AIM OF THE EXERCISE –
When you transcribe the lines below, keep every word the same and leave the pictures behind.

[Opening DATA BLOCK section]

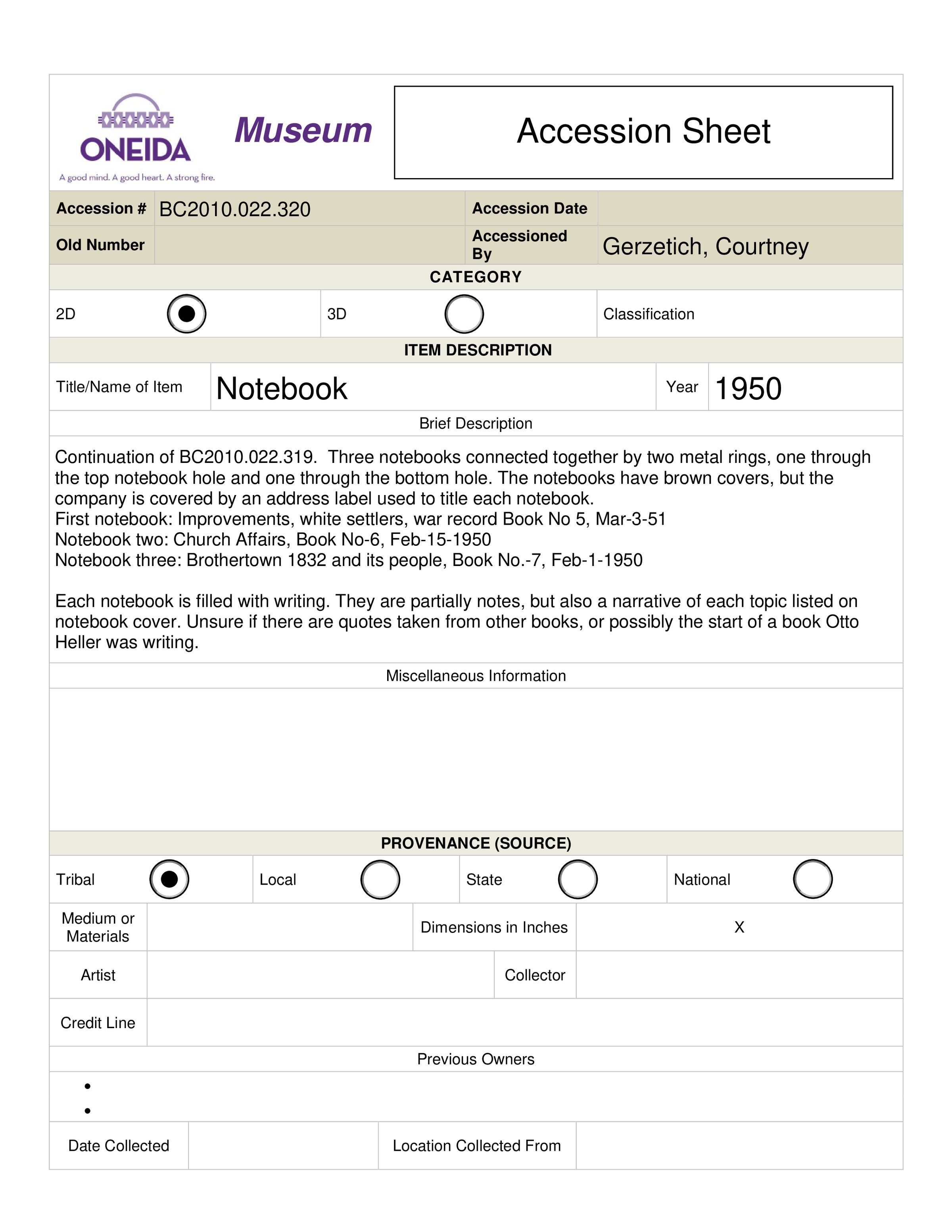 Brothertown CollectionCataloged By
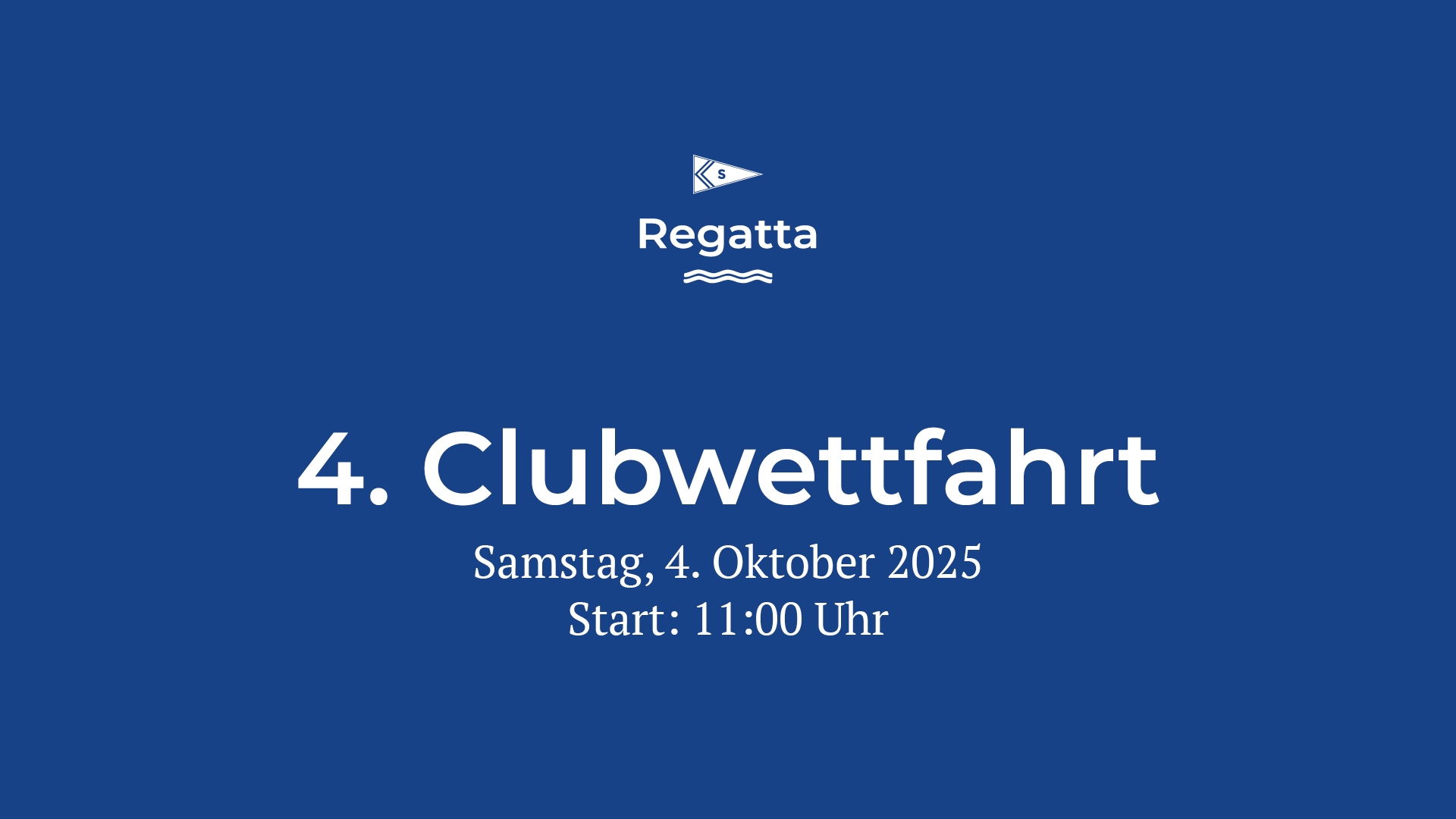 am Samstag, den 4. Oktober 2025 findet die 4. Clubwettfahrt des SCS statt. Bitte beachtet, dass der Start auf 11:00 Uhr vorverlegt wurde. Entsprechend beginnt die Steuerleutebesprechung bereits um 9:30 Uhr in der Messe des SCS.
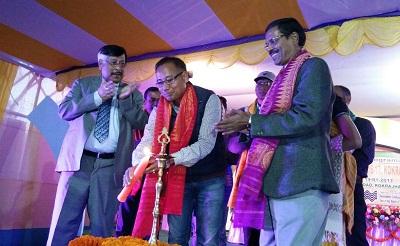 Binode Narzary, Chairman of Bodoland Regional Apex Weavers & Artisan Cooperatives Federation Limited(BRAWFED) lighted the lamp to inaugurate the expo in the presence of official and weavers from different districts of BTAD.The national handloom expo was organised by Bodoland Regional Apex Weavers & Artisan Cooperatives Federation Limited(BRAWFED). Nearly 100 stalls from different states of the country and districts of Assam,which included Assam,Northeastern states, Haryana,Rajasthan,Jammu & Kashmir,Punjab,Bihar,West Bengal,Chhatisgarh,Uttar Pradesh,Delhi etc are participating in the expo with their own state handloom products. NN Rana Patgiri, managing director of BRAWFED told that a customer assistance centre has also been setting up in the ground office market survey and analysis of demands,needs,preference of buyers of northeastern states area through the national handloom expo. Patgiri expresses his hopeful that at-least two crores of marketing would be held in the expo.

[Closing DATA BLOCK section]

YOUR SOLUTION –
 Brothertown CollectionCataloged By
 am Samstag, den 4. Oktober 2025 findet die 4. Clubwettfahrt des SCS statt. Bitte beachtet, dass der Start auf 11:00 Uhr vorverlegt wurde. Entsprechend beginnt die Steuerleutebesprechung bereits um 9:30 Uhr in der Messe des SCS.
 Binode Narzary, Chairman of Bodoland Regional Apex Weavers & Artisan Cooperatives Federation Limited(BRAWFED) lighted the lamp to inaugurate the expo in the presence of official and weavers from different districts of BTAD.The national handloom expo was organised by Bodoland Regional Apex Weavers & Artisan Cooperatives Federation Limited(BRAWFED). Nearly 100 stalls from different states of the country and districts of Assam,which included Assam,Northeastern states, Haryana,Rajasthan,Jammu & Kashmir,Punjab,Bihar,West Bengal,Chhatisgarh,Uttar Pradesh,Delhi etc are participating in the expo with their own state handloom products. NN Rana Patgiri, managing director of BRAWFED told that a customer assistance centre has also been setting up in the ground office market survey and analysis of demands,needs,preference of buyers of northeastern states area through the national handloom expo. Patgiri expresses his hopeful that at-least two crores of marketing would be held in the expo.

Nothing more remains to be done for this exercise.